How the Program Works Participating growers and McCain personnel will access continuous field-level visibility powered by Ceres AI's platform. The system translates complex agricultural data into clear, actionable signals that highlight areas requiring attention—helping guide scouting efforts and prioritize in-season decisions. Critically, both growers and McCain teams receive the same field-level signals, creating what the company calls "alignment around the same field-level signals and enabling more coordinated action throughout the season." "Through this grower pilot program, we are working to provide our growers with better visibility into their fields and more targeted support during the season," said Jeremy Buchman, Director of Agronomy at McCain Foods. "By aligning our teams and growers around a shared view of performance, we can act earlier, focus on the right areas, and improve outcomes together."
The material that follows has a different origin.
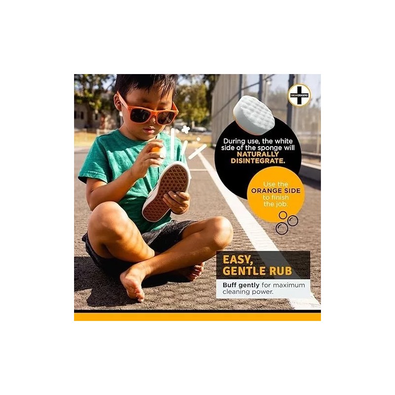 - SIMPLE AND GENTLE APPLICATION - Achieve optimal cleaning by gently rubbing the SneakERASERS sponge on your shoe's sole. The smoother and softer your strokes, the more effortlessly the marks will come off. To enhance results, avoid applying excessive pressure or vigorous rubbing.
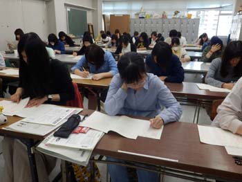 28 June 夏期学科対策について おはようございます。本日 京都駅前七条校では来週のアクトパル宇治校外学習で休講となる国語授業の振替を行なっています。三輪先生授業の様子 前期学科授業、残るは2週のみとなりました。夏期、後期は実戦対策となります。前期中に苦手を克服しましょう。毎週行なっている金曜テストでは、どちらの教室もかなり優秀で、いつも感動しています。先週の単語テスト(英単語、古文単語合わせて248問)では、なんと満点が9人もいました!さらにほぼ全員が9割以上得点しています。今まで平均点では北大路生の勝利が目立っていましたが、ここ2週間七条生の勝利が続いています。 こういった単語テストは毎年の学科受講者が受けているのですが、こんなに優秀な年は初めてです。前期中の努力が今後必ず力となります。後期からは熟語もプラスされるので、この調子で頑張りましょう!夏期講習の学科対策の予定についてお知らせします。【センター学科対策クラス】夏期センター学科対策授業は第1期間~第3期間までの午前中に行います。内容は全科目、実戦対策です。センター形式問題を解き、その後講師が解説を行ないます。知識をつけるだけでなく、センター問題に慣れる良い機会です。学科の対策に不安を感じている方は是非受講してください。【第2回全統マーク模試】8/10(日)に京都駅前七条校にて河合塾のマーク模試を実施します。■実施日:8/10(日)■申込期限:7/11(金)■申込方法:教室にて直接申込、郵送、FAX申込書をお持ちでない方は本部事務局までお問い合わせ下さい。前回の模試の様子 高3生のお申し込みもお待ちしています。ナカニシ [0回] 2014/06/28 (Sat) 09:46 アスクでのこと Comment(0)

Scaling Data-Driven Agriculture Ceres AI, which operates on data from 32 million acres and 17 billion plant-level measurements, positions the partnership as part of a broader industry shift toward connected, data-driven agriculture. "At its core, this work is about helping growers and McCain teams make better decisions, faster at scale," said Anubhav Sharma, Head of Marketing at Ceres AI. "By turning complex field data into clear insights, we are supporting focused scouting, better coordination, and more effective decision-making across participating acres, in a way that aligns with McCain's broader agricultural goals over time." As the program evolves, McCain aims to strengthen grower engagement, reduce operational friction, and build confidence in crop performance across its supply network.
Why It Matters
For foodservice operators and frozen potato product buyers, supply chain stability depends on grower performance and responsiveness. Pilot programs like this signal McCain's effort to reduce variability and improve consistency at the field level—benefits that can ultimately flow through to product quality and availability.